My bet is they won't make the same assumptions the democrats and the CBO did. Increased premiums, maybe shave the work force a bit. And, they will act quickly not at some distant point down the road.
The only question I have is do I go long or short on the medical sector.
Posted by: Allen | March 18, 2010 at 12:12 PM
If this disease of a bill passes and the Repubs don't eradicate it, we're going to end up with an exaggerated two-tiered system in which the very rich get their medical needs met privately and the middle classes on down settle for less than satisfactory regulated, apportioned care and chronic hypertension from the frustrating, metastasizing blue-beholden bureaucracy. Medical conditions will become a thousand different lobby causes and coverage will be given (Democratic) political consideration always, along with progressive means testing, premiums and taxes.

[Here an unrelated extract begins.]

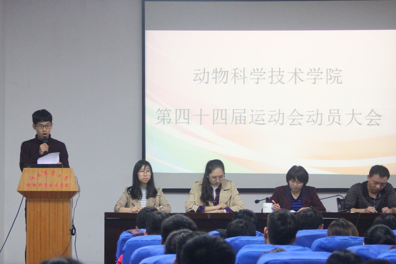 金秋時節,丹桂飄香,一年一度的校運會即將來臨。10月15日中午,我院第四十四屆校運會動員大會于院辦201報告廳順利召開。我院黨委副書記廖述香老師、團委書記管國泉老師及學工辦所有老師出席大會,全體運動員及后勤保障工作人員到場。

Government administered "fairness in outcome" is a bankrupt concept, anyway, and certainly since there is nothing "fair" about how our DC apparatchiks and their big donors will remain in the upper tier of care upon passage of this massive masses manipulation posing as a Good Idea for The People. Richard's also right about the $$ to be squandered, not saved. The Demwits know it, too, but how can they pass up their Gaia-given responsibility to tell us how to live for the collective good?
Posted by: kimberly | March 18, 2010 at 12:15 PM
Haig at the Somme. What an apt comparison.
Posted by: Hot Pants | March 18, 2010 at 04:07 PM
The entertaining aspect of this 'battle of attrition' is that it's almost completely internecine.
Posted by: aelfheld | March 18, 2010 at 04:19 PM
Yup it's like the Somersets and the Lincolnshires were shooting each other in the back.
Posted by: Mike Myers | March 18, 2010 at 05:59 PM
But, oh how quickly things can change.
True. When you're unemployed next November, your phone lines will be blessedly quiet.
Posted by: Copper Quark | March 18, 2010 at 11:52 PM
As a student of military history I like the Haig comment. I had to explain to my friends who Haig was and the Battle of the Somme, but once I did, even they thought it was an appropriate analogy. Well played!
Posted by: Steve | March 19, 2010 at 12:03 PM
To be absolutely fair to Haig, he didn't want to attack on the Somme in July, 1916 because he knew his army wasn't ready for an offensive. He had to attack for reasons of the coalition: the French were bleeding to death at Verdun and needed the British to help take the pressure off.
Posted by: Jon | March 19, 2010 at 01:17 PM
Sunday's vote isn't about winning anything. It will merely be another tension on our already badly fractured society.
They'll do illegal immigration amnesty the same way. More tension. That law will be written to allow several million new voters by 2010. Unemployment nearer twenty than ten percent nationwide by then, too.
Tension. Depression. Civil Unrest.
Wow. We really need a strong hand to fix things, don't we?